Running DaVinci on the grid
Learning Objectives
Create a ganga job
Submit a ganga job
Waiting for ganga
Find the job output
In certain cases, submitting an Analysis Production may not be the best option. This lesson will teach you how to take our minimal DaVinci job and run it on the grid yourself.
ganga
is a program which you can use to interact with your grid
jobs.
Before creating your first ganga
job, open the script ntuple_options.py
, obtained in an earlier lesson, and comment out the lines taking the local input data: we will now use the data stored on grid.
Also, you need to know the path to your data from Bookkeeping. In our case the path is:
/MC/2016/Beam6500GeV-2016-MagDown-Nu1.6-25ns-Pythia8/Sim09c/Trig0x6138160F/Reco16/Turbo03/Stripping28r1NoPrescalingFlagged/27163002/ALLSTREAMS.DST
Note, that here the event type number should be located at the end of the path, which is not the case if you browse the bookkeeping by Event type
.
Finally, launch your grid proxy typing lhcb-proxy-init
and enter your grid certificate password.

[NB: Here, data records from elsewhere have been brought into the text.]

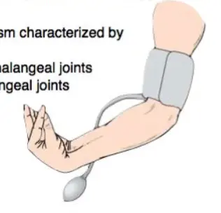 Trousseau’s sign: induction of carpopedal spasm by inflating cuff above SBP for 3 minutes → adduction of thumb, flexion of MCP joints, extension of IP joints, fl exion of wrist.
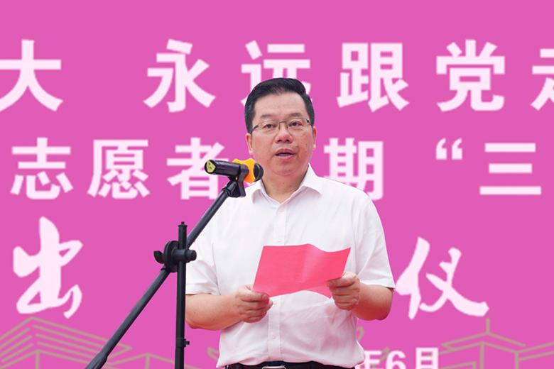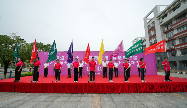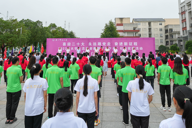 6月30日上午,学校在雁山校区起文楼北楼门前广场举行“喜迎二十大、永远跟党走、奋进新征程”——2022年大学生志愿者暑期“三下乡”社会实践活动出征仪式。全体在家校领导、校党委常委,相关职能部门主要负责人、各学院(部)分管学生工作党委副书记、团委书记、校团委全体干部、学校社会实践立项项目的指导老师和同学近200余人参加出征仪式。出征仪式由校党委副书记旷永青主持。
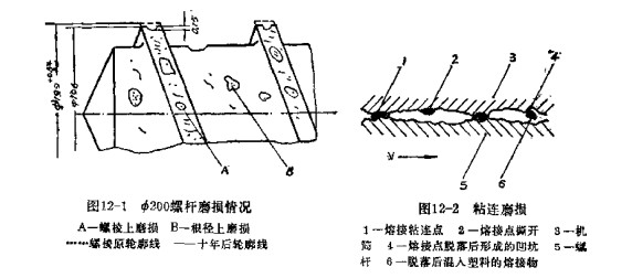 螺杆和机筒表面光洁度都在▽7以上,从外表看它是很光滑的。实际上它们都有1.25微米足有的表面粗糙度。由于撞击,变形的影响,用显微镜可以观察到表面粗糙度还要大一些。这就造成了点接触的条件。在高温和高压作用下,这些接触点产生很高的局部应力,并且相互粘连熔接在一起。由于螺杆和机筒的相对运动,这些溶解点脱落下来混入塑料中去,并在螺杆和机筒的表面形成凹坑和凸起,凸起点相互接触更进一步的加快了粘连磨损(图12-2)。
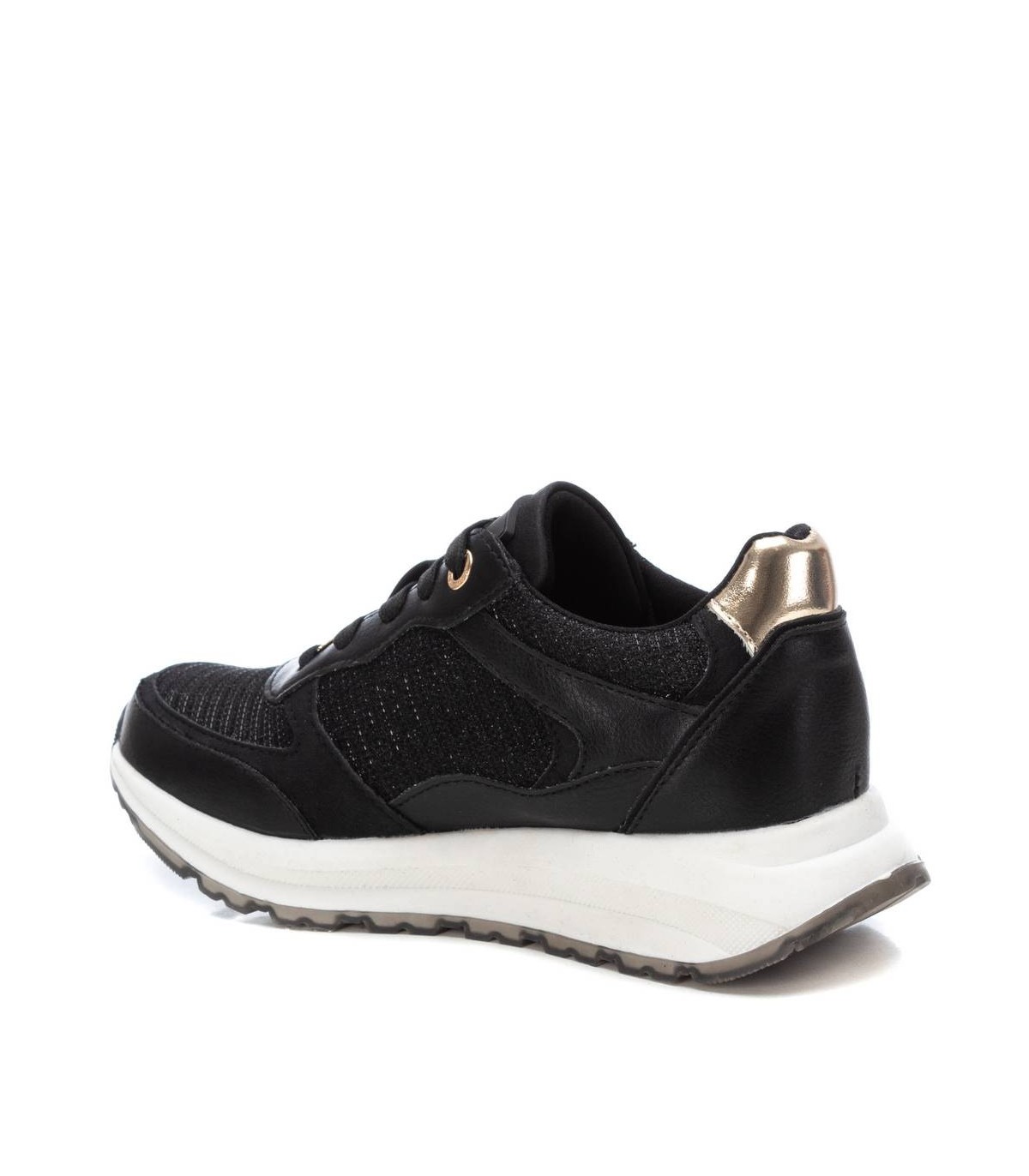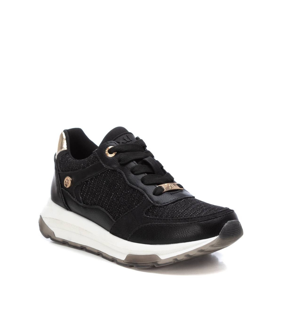 Zapatilla de niña, de la marca Xti Kids. Fabricada en material que imita a la piel combinada con tejido metalizado. Cierre mediante cordones regulables al tono. Gruesa suela de goma combinada antideslizante. Con plantilla extraíble. Este modelo ha obtenido el certificado vegano por la organización mundial PETA (Organización de los derechos de los animales).

Great! Now you are ready to start ganga! Do it with:
$ ganga
After ganga
has started you will be dropped into something that
looks very much like an ipython
session. ganga
is built on top of
ipython
so you can type anything that is legal python
in addition
to some special commands provided by ganga
.
Help in Ganga
As with any python session you can get help on any object or method with help
. For example help(Job)
gives you all the information about the Ganga Job
object.
To create your first ganga
job, type the following:
j = Job(name='First ganga job')
myApp = prepareGaudiExec('DaVinci','v45r8', myPath='.')
j.application = myApp
j.application.options = ['ntuple_options.py']
j.application.platform = 'x86_64-centos7-gcc8-opt'
bkPath = '/MC/2016/Beam6500GeV-2016-MagDown-Nu1.6-25ns-Pythia8/Sim09c/Trig0x6138160F/Reco16/Turbo03/Stripping28r1NoPrescalingFlagged/27163002/ALLSTREAMS.DST'
data = BKQuery(bkPath, dqflag=['OK']).getDataset()
j.inputdata = data[0:2] # access only the first 2 files of data
j.backend = Dirac()
j.splitter = SplitByFiles(filesPerJob=1)
j.outputfiles = [LocalFile('DVntuple.root')]
This will create a Job
object that will execute DaVinci
configured
with the option files given in j.application.options
using a
backend called Dirac
, which is “the grid”. Instead of specifying the
files to process as part of the options file you have now to tell the
Job
about it. This allows ganga
to split your job up by setting j.splitter
,
processing different files simultaneously. More details about the splitter are given in the next lesson. Note that data will be accessed using its path in the bookkeeping bkPath
. In order to speed-up our job, only the first 2 elements (files) of data
will be accessed; we don’t need to look at much data here.
DaVinciDev folder
When you create a job using prepareGaudiExec('DaVinci','v45r8', myPath='.')
you get the following message:
INFO Set up App Env at: ./DaVinciDev_v45r8
ganga
has created a folder with a local copy of the DaVinci v45r8 release.
The content of it will be sent to the grid to ensure your job runs with
exactly this configuration.
We will use this folder for the following jobs and you will learn more about
this in the Developing LHCb Software lesson.
Now you have created your first job, however it has not started
running yet. To submit it type j.submit()
. Now ganga
will do the
equivalent of lb-run DaVinci/v45r8
, prepare your job and then
ship it off to the grid.
Picking up a right platform
The default platform on most lxplus machines is x86_64-centos7-gcc8-opt
with gcc compiler version 8.
However some older DaVinci version are not compiled for x86_64-centos7-gcc8-opt
.
The list of platforms available for a certain DaVinci version (let’s try the DaVinci version we are using v45r8
), can be viewed by
$ lb-run --list-platforms DaVinci v45r8
The default compiler platform for GaudiExec applications is x86_64-slc6-gcc62-opt
.
So for some DaVinci versions, including the latest DaVinci v45r8
a few additional actions are needed to set up your ganga job properly.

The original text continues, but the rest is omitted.